OAI is dedicated to providing shared interoperability standards for the
entire on-line digital literature, whether self-archived or not,
whether for-free or for-fee, whether journal, book or other, whether
full-text or not, whether centralized or distributed.

It is true that the OAI was originally proposed as the "UPS" (Universal
Preprint Service), which was indeed a form of self-archiving (though a
limited form, focussing on the unrefereed preprint rather than on both
the unrefereed preprint and the refereed postprint, as self-archiving
does).
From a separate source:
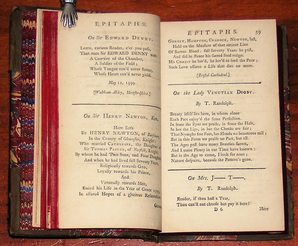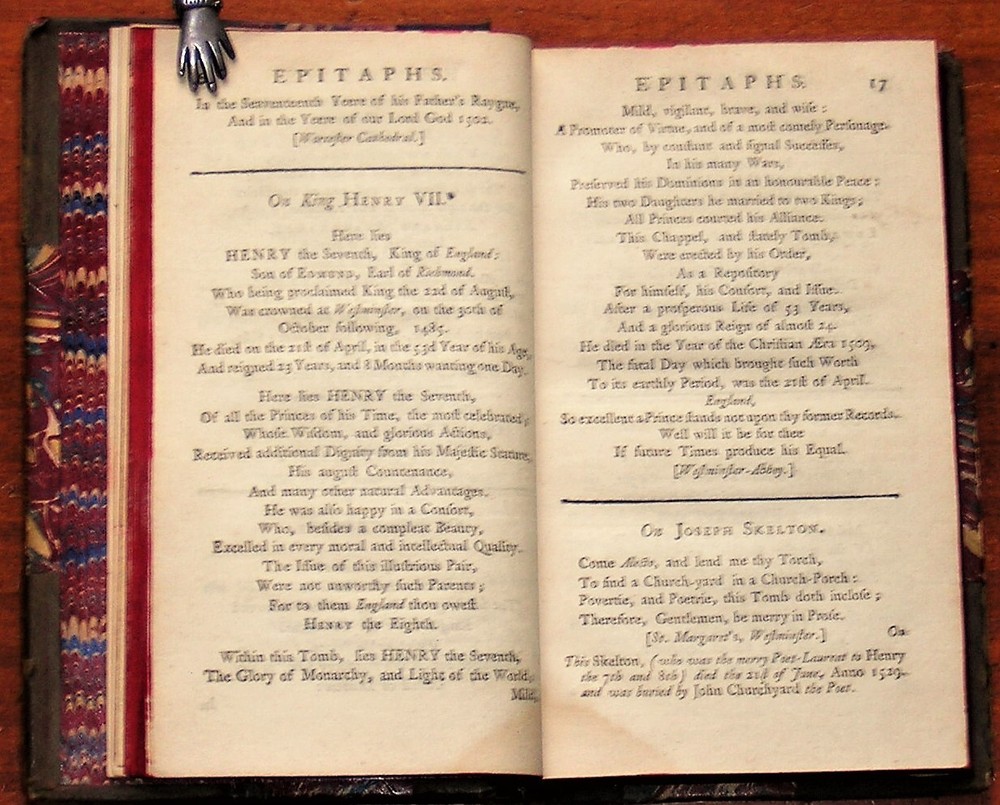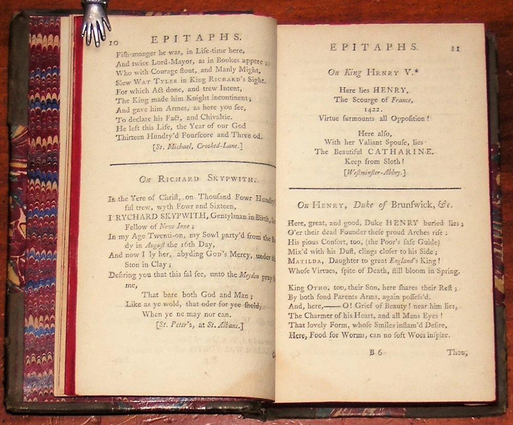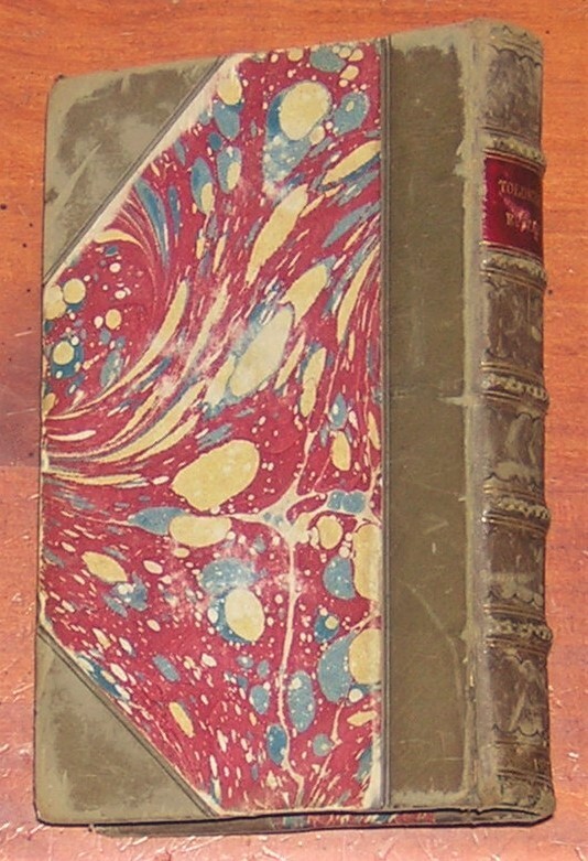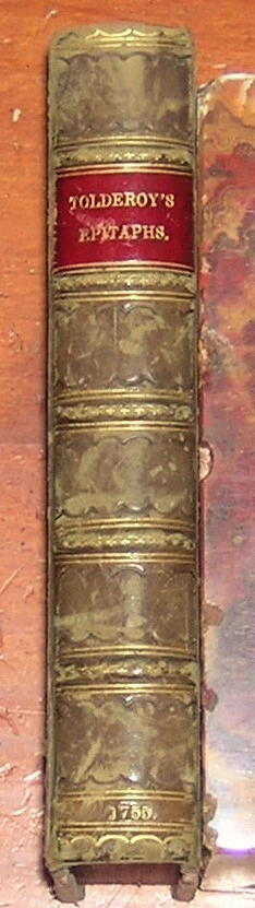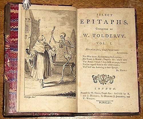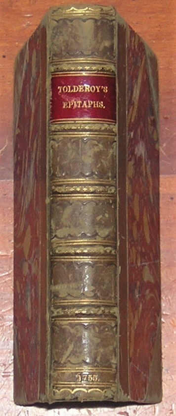 Select Epitaphs Collected by W. Toldervy [sic], Vols. I and II. By William Tolderoy. Published in 1755 by W. Owen, London. Two volumes in one book (216 and 238 pages). Three quarter leather over marbled boards, banded spine (6 compartments, including leather spine label), marbled endpapers, with frontispiece by Worlidge. Measures 4 X 6.5 X 1 in. Good condition. Scuffed leather edges, nicks on the board edges, rubbed board corners. Unmarked, securely bound. Hinge papers are torn, but the binding is still very much intact. Two volumes in one book. Free shipping in the USA. Thanks for looking. Location: glass shelves.

But "UPS" was quickly dropped and the OAI has since vastly
outgrown those limited original objectives.

> In my opinion, institution-based archives are,
> o in physics, all but superceded by the arXiv,

On-Line archives (apart from the Physics arXiv) are all but non-existent.

The hope is that institution-based, distributed self-archiving (perhaps
with the newfound help of the http://www.eprints.org archive-creating
software) will now remedy this.

And, as I said above, even in Physics, self-archiving is still growing
too slowly to free the Physics literature in less than a decade. It
seems to me that the central self-archiving model, admirable and
welcome though it is, can use all the help it can get.

> o in mathematics, a politically appealing distraction, and

I have no idea why you mention politics. The only "appeal" is to
researchers, that they should free their refereed research from their
obsolete access- and impact-barriers by self-archiving it, now. I have
no "political" preference for their doing it the central way or the
distributed way: We should all just go ahead and DO it!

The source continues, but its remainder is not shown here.